There are thousands of targets in New York, and prominent ones, like the subway and the Lincoln Tunnel, have already been photographed ad nauseum. Anyone who visits the New York Public Library can find more than enough images to plot an attack.

A ban is also silly on its face; if taggers can secretly spray paint a tunnel couldn't terrorists likewise snap a few photos? What about cellphones equipped with cameras? What about that good old James Bond standard, the Minox spy camera, still available at any good photo store?

This is another typical anti-libertarian move by Nurse Bloomberg: really stupid.

Posted by: Fresh Air at June 11, 2004 09:08 AM

Isn't Bloomberg just trying to be the Politically Correct ... picknose control freak?

And succeeding.

Posted by: Tom Grey at June 11, 2004 09:34 AM

Joe Schmoe (very good name!)

I wont even bother with your rant against artists. I did find it hilarious that in the midst of it, you did take a moment to admit that you agreed the ban was silly.

As to the ice cream truck - either you are just making things up, or you are trying to cop some unwarrented cred.

"When I lived in Spanish Harlem, there was an ice cream truck on my corner (104th and Columbus). "

104 and Columbus is the Upper West side. Spanish harlem is above the park and to the east. Not even close. WHaddya think - you can say anything on the web and get away with it?

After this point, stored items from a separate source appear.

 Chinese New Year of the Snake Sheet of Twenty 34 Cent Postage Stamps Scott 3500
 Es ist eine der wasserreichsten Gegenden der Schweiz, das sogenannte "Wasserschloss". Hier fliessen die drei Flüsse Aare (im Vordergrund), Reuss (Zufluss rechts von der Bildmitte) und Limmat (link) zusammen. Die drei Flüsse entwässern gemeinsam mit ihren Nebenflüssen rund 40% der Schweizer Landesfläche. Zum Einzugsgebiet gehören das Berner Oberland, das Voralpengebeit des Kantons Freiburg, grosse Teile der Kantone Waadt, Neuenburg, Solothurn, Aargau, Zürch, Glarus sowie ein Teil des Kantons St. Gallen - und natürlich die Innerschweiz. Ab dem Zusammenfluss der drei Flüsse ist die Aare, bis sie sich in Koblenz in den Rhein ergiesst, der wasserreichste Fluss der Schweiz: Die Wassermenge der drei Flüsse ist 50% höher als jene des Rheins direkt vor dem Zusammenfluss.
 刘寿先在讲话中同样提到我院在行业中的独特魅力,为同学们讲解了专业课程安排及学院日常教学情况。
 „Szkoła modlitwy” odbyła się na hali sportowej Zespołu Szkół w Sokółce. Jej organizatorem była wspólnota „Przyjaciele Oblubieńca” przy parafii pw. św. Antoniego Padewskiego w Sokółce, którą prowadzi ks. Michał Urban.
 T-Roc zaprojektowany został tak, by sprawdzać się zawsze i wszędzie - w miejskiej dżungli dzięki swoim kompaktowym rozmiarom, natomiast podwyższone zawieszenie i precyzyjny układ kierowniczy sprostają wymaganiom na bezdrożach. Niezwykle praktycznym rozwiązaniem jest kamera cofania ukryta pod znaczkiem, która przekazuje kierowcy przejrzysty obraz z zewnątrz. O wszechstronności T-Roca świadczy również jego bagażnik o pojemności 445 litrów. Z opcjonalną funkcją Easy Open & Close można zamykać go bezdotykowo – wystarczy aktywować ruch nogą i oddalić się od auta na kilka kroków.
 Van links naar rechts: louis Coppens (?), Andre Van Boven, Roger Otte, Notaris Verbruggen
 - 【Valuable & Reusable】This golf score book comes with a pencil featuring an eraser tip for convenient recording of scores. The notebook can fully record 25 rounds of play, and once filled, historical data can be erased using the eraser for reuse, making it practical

Posted by: Tano at June 11, 2004 09:48 AM

The point's been made and not refuted: Banning people from taking photographs of the subway system will mean that only people with camera phones and small digitals who believe it's worth the risk will be able to. In other words, the world will have fewer photographs to remember the A train by after the guy who shot it while pretending to be talking on his T-616 blew it up.

It's just stupid. Secure the ports, staff up the cops, coach people on spotting suspicious behavior and packages.

Posted by: Christopher Luebcke at June 11, 2004 09:49 AM

I actually do not agree with the ban. It seems overbroad and a little pointless.

The problem I have is with the way the "artists" went about challenging it. They didn't ask for a meeting with the MTA, the NYPD, or the mayor. They didn't politely send letters, or try to enter into a dialogue regaridng their concerns.

No, they went into full protest mode. "Bloomberg is a facist!" Civil disobedience! Censorship!

Also, I suspect that they really have no idea if banning photography from the subway is a good thing or not. Now to me, it sounds silly. But if the Mayor of New York and the Commissioner of the NYPD both said that it's an important security measure, the least I would do is look into the issue. Get the facts. Listen to both sides of the story. You know, act like an adult. The photographers don't appear to have done that.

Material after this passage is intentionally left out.